What it does with MIDI is it sends a MIDI-note off after x-ticks so the envelopes will be able to retrigger. The MS-20 is quite finicky about needing some time between the notes to retrigger so experiment with the x-value but I would start at about 8 or 9 and experiment from there.

^ that’s bloody clever. I’ve been stumbling along with Extreme Sample Converter’s buggy hardware synth “converter”. Sometimes it does a great job, sometimes it’s a chaotic mess. Or just doing it in Reaper and slicing the results in Renoise – time consuming. Thanks for this tip.

Ok, so I had an idea, and I’m trying it out right now, will let you know how it goes. Currently waiting for 15 minutes to go by. Based on EatMe’s method:

Make a pattern with all notes. ALL OF THEM. LPB 1, lowest possible BPM. Note off every now and then.

Trick to creating a pattern with all notes: program an octave, copy paste, use advanced editor to increase the octave. Copy paste the 2 octaves, and used the advanced editor again to incrase them to the correct octave. Copy paste all of that again, and now you only need 2 more octaves.

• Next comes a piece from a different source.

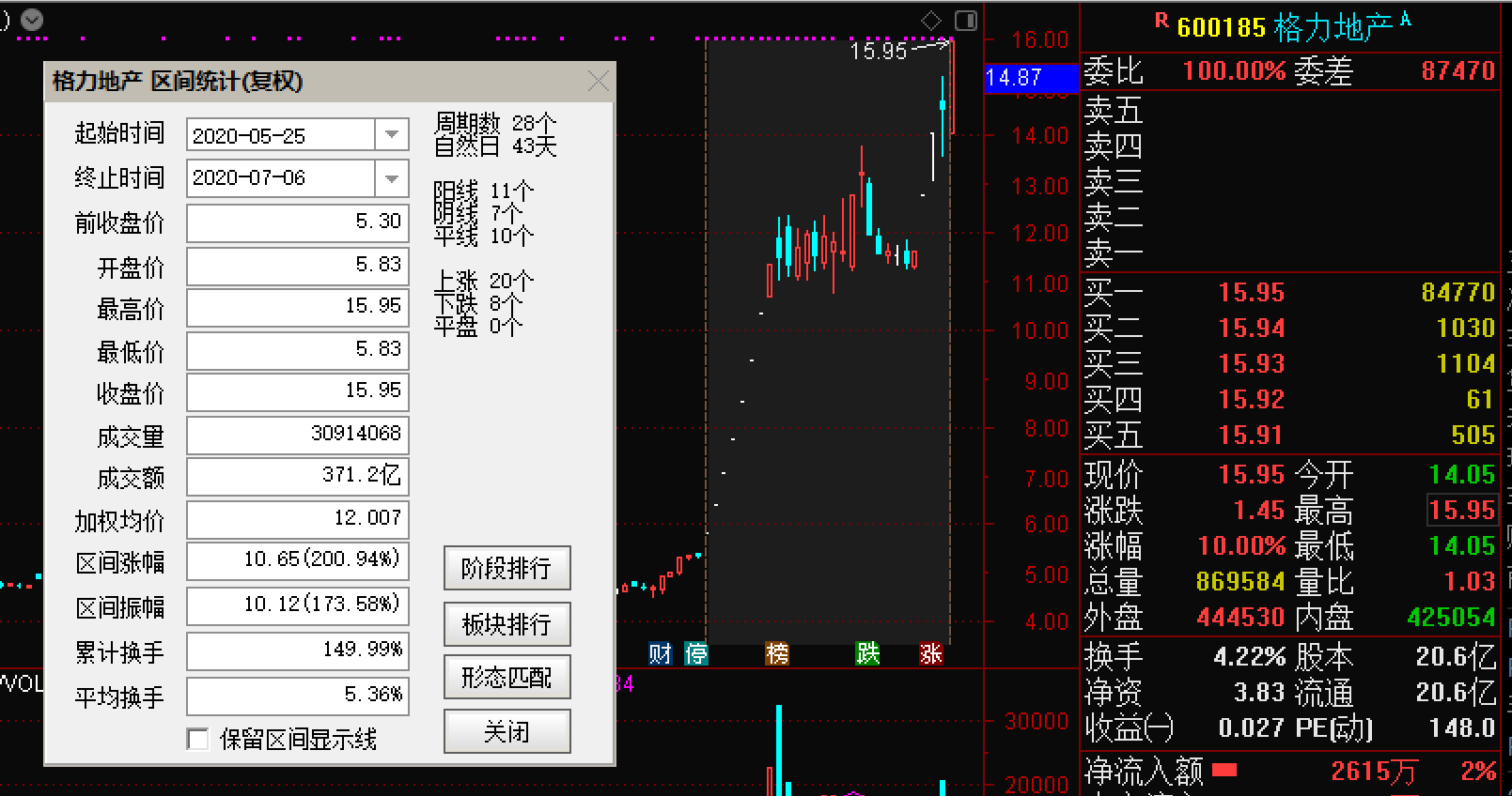随着格力地产(600185.SH)启动收购免税集团100%股权计划之后,格力地产股价迎来大涨。从5月25日至7月6日,格力地产共计涨幅200.94%,表现惊艳。7月6日,格力地产更是上摸15.95元的历史新高。

Now my plan is, to use audacity to split the recordings automatically into separate files, numbered in the order they appear in the giant .wav I am creating. Then I will drag and drop them into a Renoise .xrni, and use the automap-spread thing whatever it’s called I can’t remember. Then that’s it, you have your sampled instrument.

I think I didn’t use long enough notes, I need to start over, and it’s going to be like 30 minutes of wait time. But going to let it finish first to make sure audacity will do the thing I think it can do.

edit: Works PERFECTLY. Instructions for audacity:

Go to Analyze>Sound Finder and set it up logically

Go to File>Export Multiple and set that up however you want. I recommend using the file name prefix option.

Press enter 120 times to get past the freakin artist/song/etc dialog boxes.

Then drag them into an .xrni and hit “Distribute”. Perfect. Now does anyone know how to set a loop for multiple samples at the same time?